_Action item_
Quote exactly the lines from the one with "Alegria slip on" to the end of the data, both included; omit the pictures.

[Items from a dataset]
──────────────────────────────
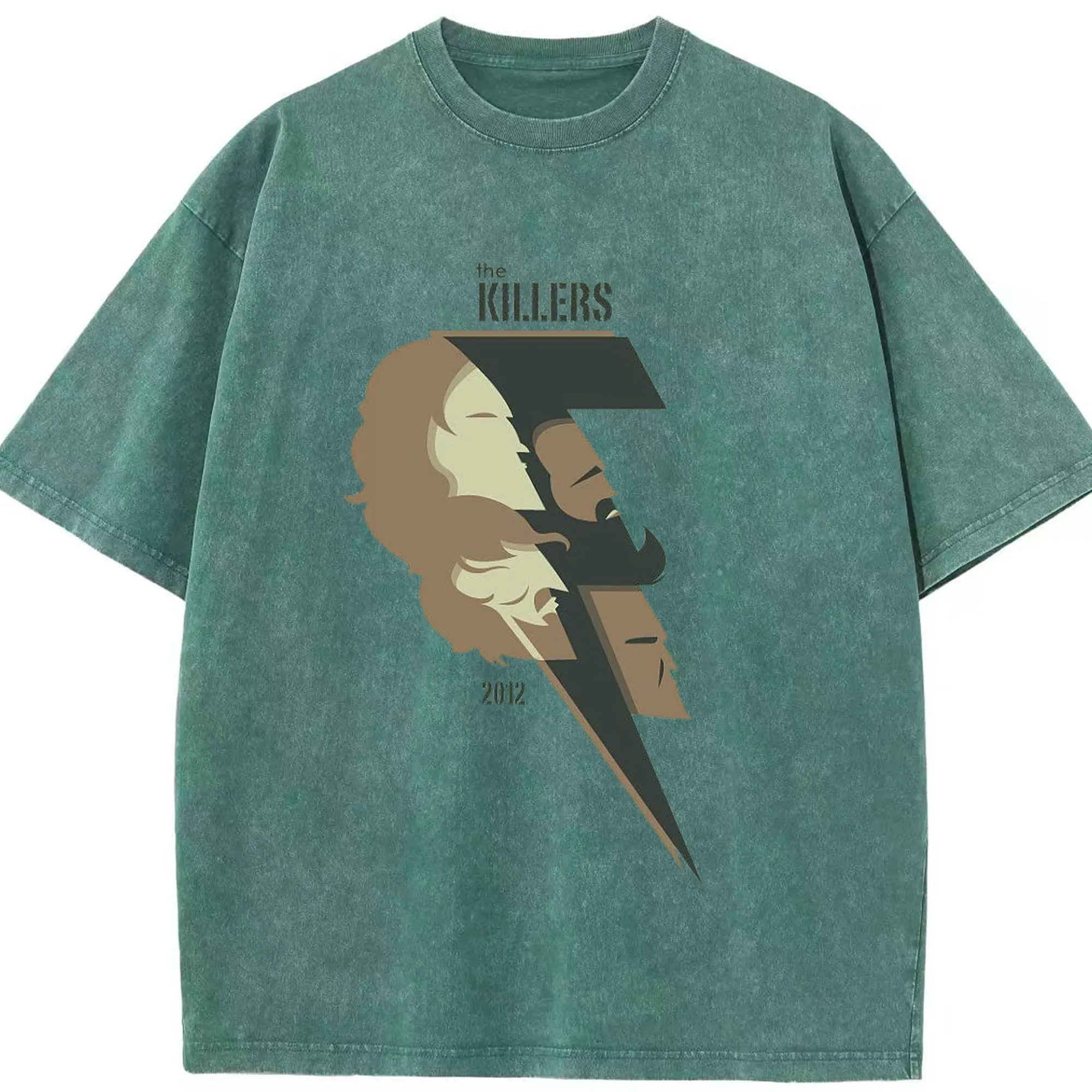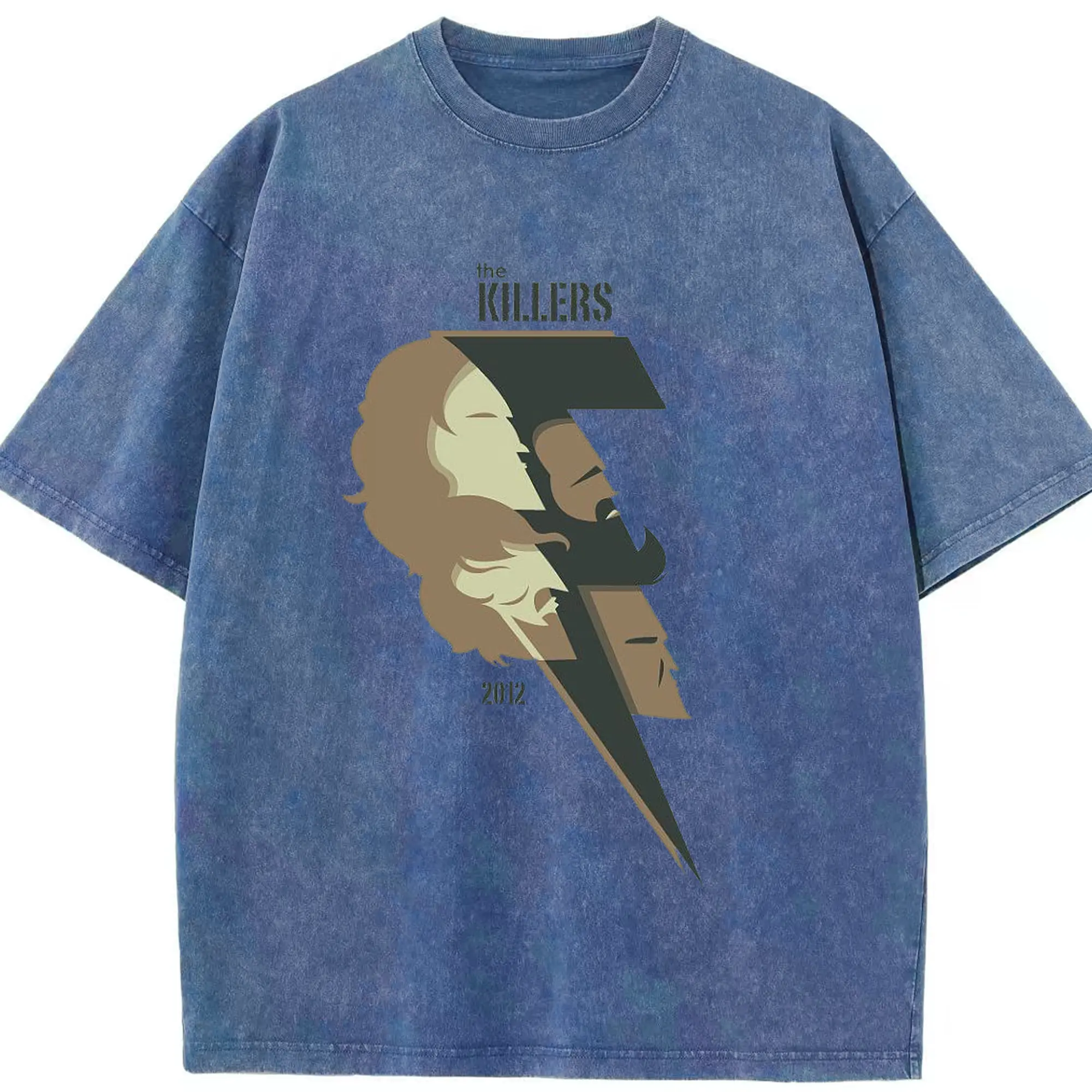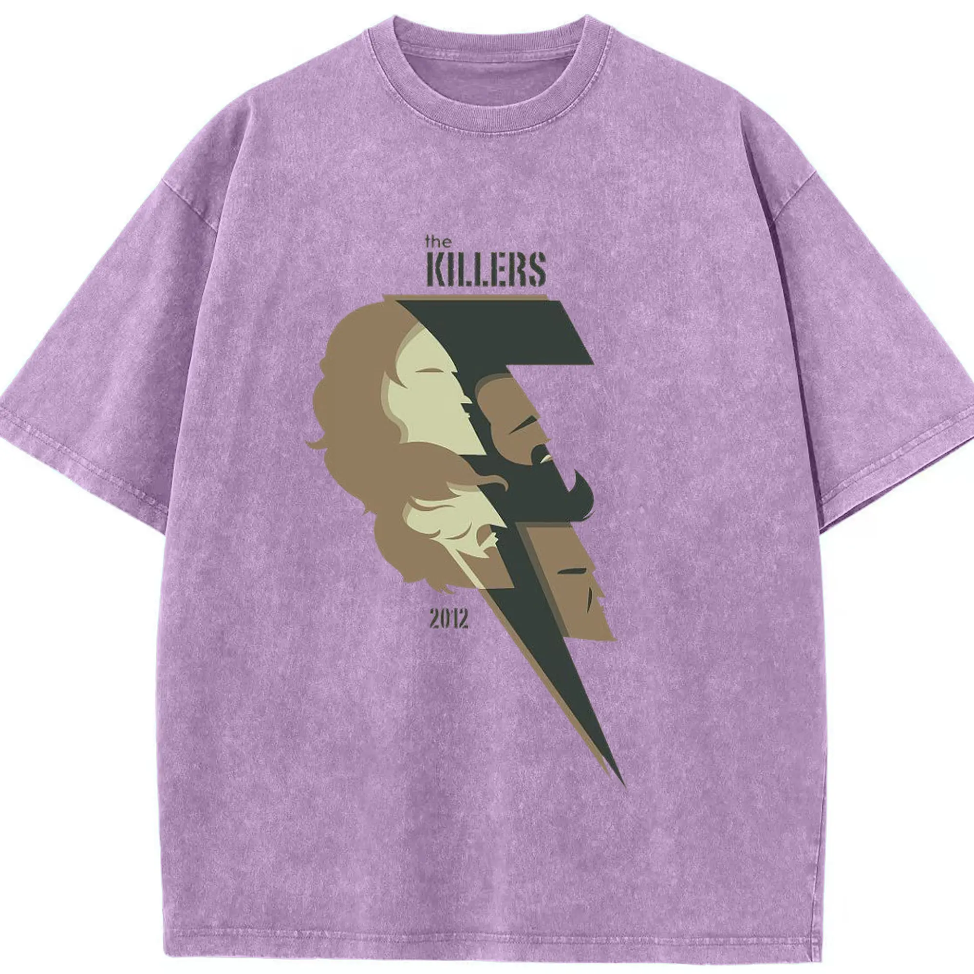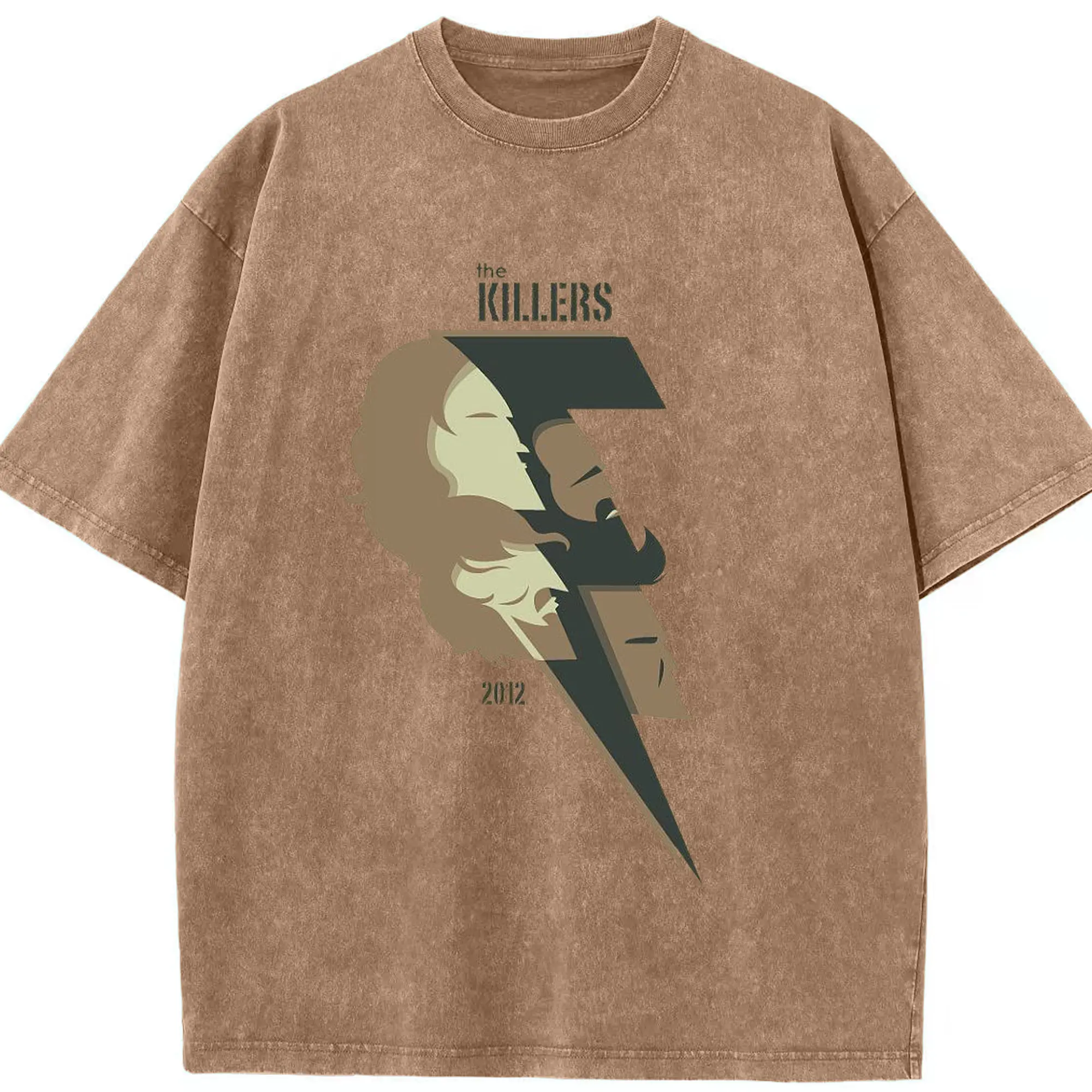 The Killers Alternative Rock 2012 DIY - Washed Vintage Look 230g Cotton Oversized T-Shirt With Front Heat Transfer Print – Soft, Lightweight, Stylish Fit – Comfortable Casual Wear For Sports & Everyday Use
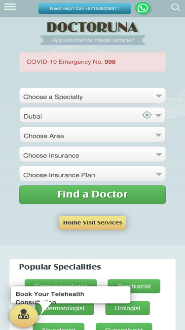 100%doctoruna is a hassle free service to find doctors by location, speciality, insurance or name, and book your appointment easily online with no charge or visa required. doctoruna - find doctors & make appointment online - free! - uae
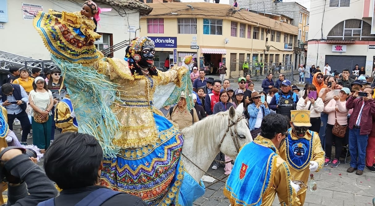 Los devotos y donantes de la Virgen de las Mercedes, conocida como la patrona del volcán Cotopaxi, realizaron este martes, 23 de septiembre, la tradicional comparsa de la Mama Negra, a pesar de las restricciones de movilidad en la provincia de Cotopaxi a causa del paro nacional en contra de la eliminación del subsidio al diésel.
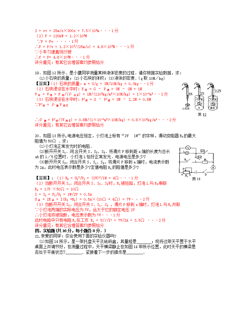 【文档名称】 2015年江西宜春中考物理真题及答案(Word版).doc
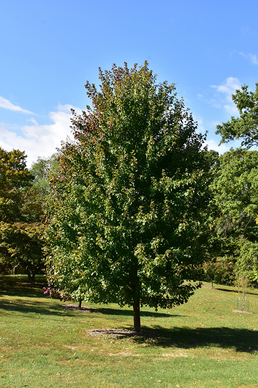 A popular hybrid of the silver and red maples with good branching and a consistent upright oval shape; fall coloration is rather distinctive, with red patches appearing among green leaves, eventually with a mix of yellow, red and orange; very fast grower
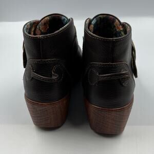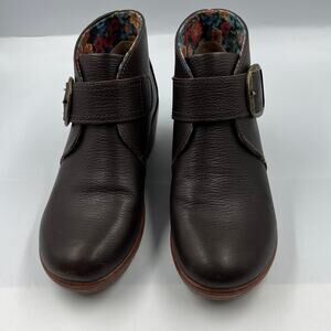 Alegria slip on boots in espresso color, Symone style SYM-8104, velcro attached buckle, short heel, round toe, leather body. Women's size UK 38, US 8. Shoes have some scuff marks on the toe and heel as pictured otherwise they are in great condition.
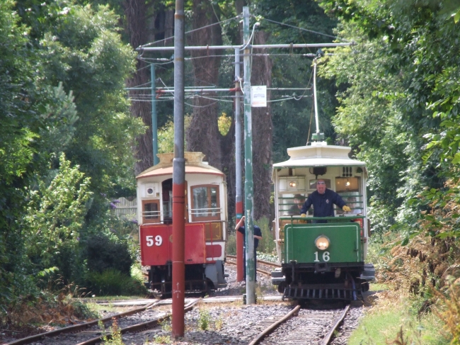 Viewed from Walpole Drive, Car No.2 and Trailer No.59 pause at the stop while Car No.16 and Trailer No.60 pass northbound with a service for Ramsey. © Alex Fairlie
──────────────────────────────
_Result below_
 Alegria slip on boots in espresso color, Symone style SYM-8104, velcro attached buckle, short heel, round toe, leather body. Women's size UK 38, US 8. Shoes have some scuff marks on the toe and heel as pictured otherwise they are in great condition.
 Viewed from Walpole Drive, Car No.2 and Trailer No.59 pause at the stop while Car No.16 and Trailer No.60 pass northbound with a service for Ramsey. © Alex Fairlie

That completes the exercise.